Lifetime Marijuana Use among Persons Aged 12 to 25, by Age Group: 1965–2002
Source: www.oas.samhsa.gov
These are the government’s own numbers here – no funny stuff. So while tobacco – taxed, regulated, and sold everywhere – has seen use cut in half since 1965, marijuana – despite increasingly harsh criminal sanctions and billions spent on enforcement – has seen use explode from roughly five percent to over fifty percent among young adults. That’s a 1000% increase in marijuana use versus a 50% decrease in tobacco use over the same period. Which strategy seems to be working?
The prohibition strategy is clearly failing, despite the chilling arrest statistics:

source: www.ojp.usdoj.gov
The number of marijuana arrests continues to soar, hitting another record in 2007. 872,720 were arrested for marijuana crimes in 2007, significantly more than the 597,447 arrested for all manner of violent crimes. Overall, there were 1,841,182 drug arrests in 2007. This figure even tops arrests from property crimes, which were only 1,610,088. Do you think that if we transferred resources from our #1 law enforcement activity – busting pot smokers – to other crimes, we may experience a significant reduction in both law enforcement costs and in other types of criminal behavior?

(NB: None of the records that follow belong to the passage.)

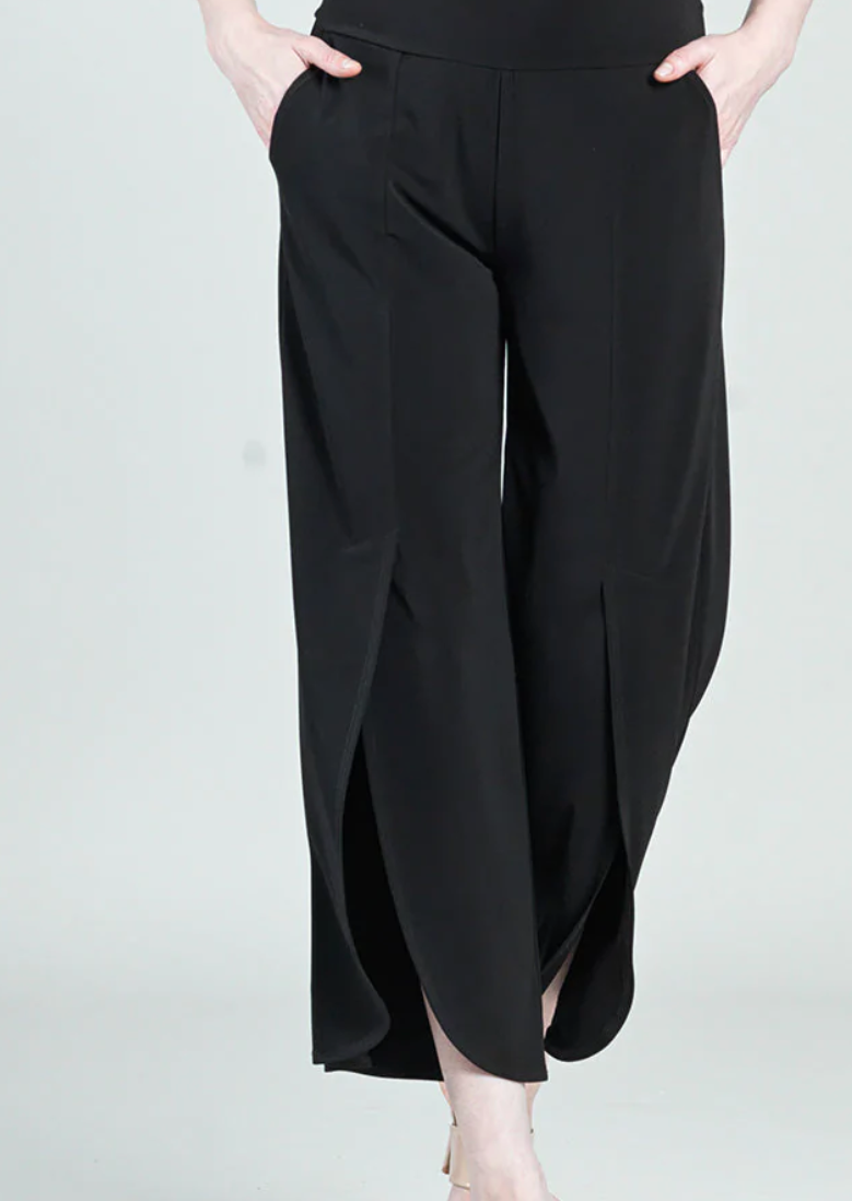 Stride through the breeze like a flower in the wind, wearing the Front Slit Ankle Petal Pant! This style features a 3" pull-on soft waistband, two standard side pockets, a vertical center seam detail that transitions into a 16" front slit which creates a delicate, petal-like drape, that catches the air and allows little peeks of leg to show with each step you take.
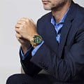 Эксклюзивный хронографХронографФункция позволяет измерять отрезки времени с особой точностью: часы, минуты, секунды. Верным признаком хронографа является наличие на циферблате 3 дополнительных окошек-счётчиков. с секундомеромСекундомерСекундоме́р — прибор, способный измерять интервалы времени с точностью до долей секунды. и тахиметромТахиметрРазмеченная шкала, располагается на ободке или безеле часов. Тахиметр позволяет рассчитать скорость на определённом участке пути, расстояние измеряется в километрах или милях., отличающийся продуманным дизайном и отделкой, придется по вкусу мужчинам, ценящим идеальное соотношение цены и качества. Минеральное стеклоМинеральное стеклоМинеральное стекло представляет собой искусственно выращенный минерал кварца. Такое стекло отличается особой устойчивостью к повреждениям и царапинам. Уступает по некоторым качествам сапфировому стеклу. устойчивое к появлению царапин, обладающее высокой прозрачностью. Циферблат с люминесцентным покрытиемЛюминесцентное покрытиеПозволяет считывать показания времени в темноте. Производители наносят на стрелки, часовые индексы, безель или поверхность циферблата светонакопительный состав, дающий холодное свечение. стрелок и меток. Корпус и браслет из стали с PVDPVDУльтратонкое покрытие наносится в технике вакуумного напыления, сочетает в себе нитрид титана особой прочности со слоем золота или оксида хрома. Несёт в себе декоративную или защитную функцию. покрытием. Класс водозащиты: 100 метров, позволит плавать, нырять и заниматься другими водными видами спорта. Браслет с раскладной застёжкойРаскладная застёжкаТакой тип застёжки используется только на браслетах из металла. Она никогда не раскрывается полностью, происходит разделение на 2 и более частей. Раскладывающая застёжка снизит вероятность потери часов к минимуму..
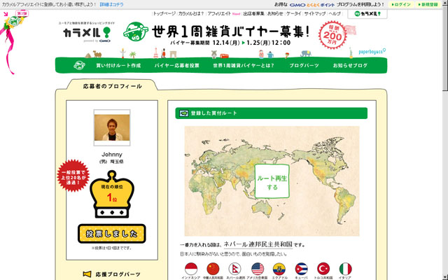 昨日書いた世界一周バイヤーのランキングのやつ、なんといつの間にか暫定1位に! http://calamel.jp/buyer/?act=route_list
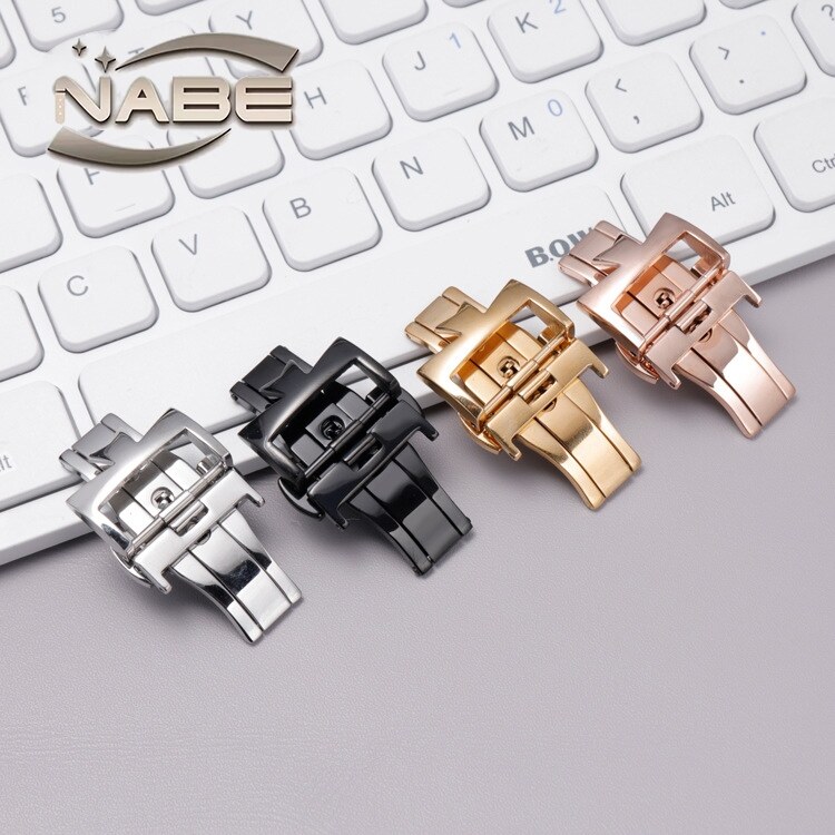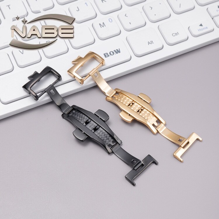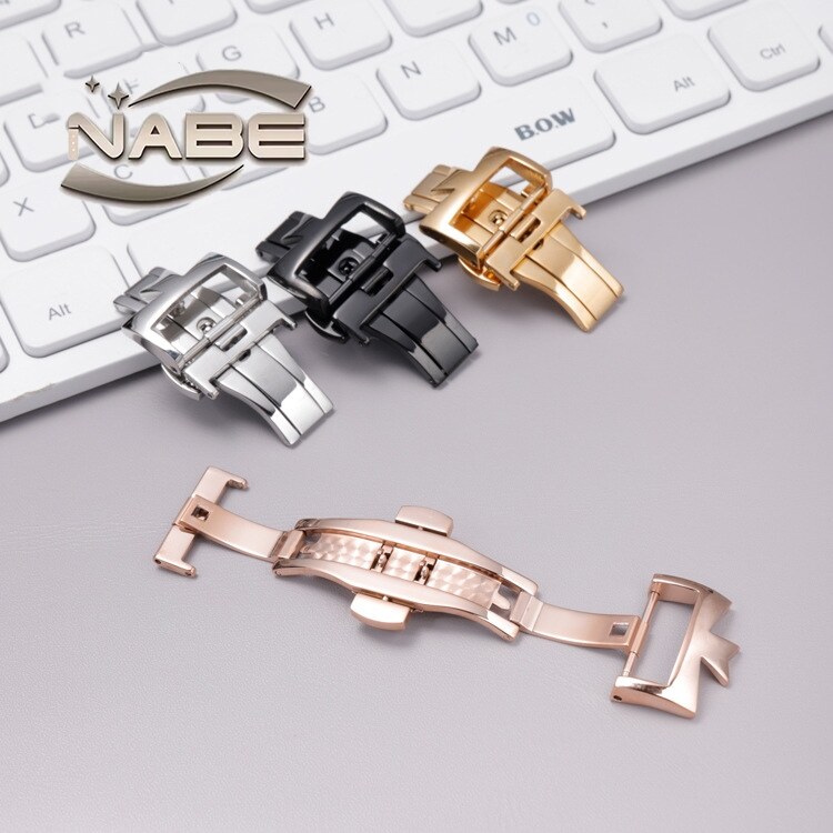 Fashion watch band☾ Swiss nabe black silver gold rose gold double press butterfly buckle buckle Vacheron Constantin leather strap buckle 18-22mm
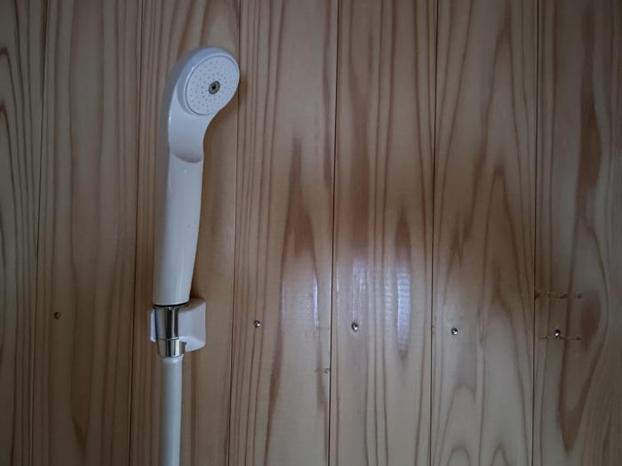 浴室の杉板は真鍮の丸頭釘です。板の反り防止ですが、昔から定番の見せ釘です。

Why is there such a disparity between enforcement of marijuana laws and the free reign given tobacco to poison and plague our society? If you guessed money, you would, as usual, be correct. Politicians have become as addicted to tobacco dollars as the unfortunate victims are to nicotine. Plied with generous campaign contributions, our leaders looked the other way while tobacco addicted and sickened millions of our citizens. Of course revenue from the ever-increasing tobacco taxes are another government addiction. These taxes are truly regressive as smoking is much more prevalent among the less educated, the poor, and minorities.
The latest money grab by our government has been the Master Tobacco Settlement, giving 203.5 billion to the states so far. The government doesn’t really care if the tobacco companies kill millions of people – they just want a bigger cut of the proceeds. So much for protecting us from dried plants!
Marijuana prohibition has always been about money, too. Powerful industrial interests in the paper (Hearst) and rope (DuPont) industries wanted to monopolize those markets by outlawing the competition. Thus began the demonization of marijuana and the push to have it prohibited. Their efforts were supported by the left-over prohibition-era apparatus that had nothing better to do once alcohol returned to legal and regulated status. The current funders of continued prohibition are the taxpayers, of course, but also the pharmaceutical and alcoholic beverage industry, who stand to lose significant revenue if less dangerous and more effective substitutes become readily available. Government objects because they haven’t figured out a way to tax your garden – yet!
So here we are. I’m trying to give up a legal, regulated and widely available substance that I know will kill me, but I can purchase it almost anywhere with the government’s blessing. However, if I choose to smoke the less addicting and far less harmful cannabis plant, I am threatened with arrest, incarceration, and forfeiture of my property. How absurd is that?
I think I’ll stick to the quitting smoking cigarettes this time – if for no other reason than to stick it to my government. They clearly sold us all out once again. It’s time to get a real grip on substance problems – and non-problems – and find a rational strategy for moving ahead.
Wish me luck, and wish our country luck! Addictions are hard to break.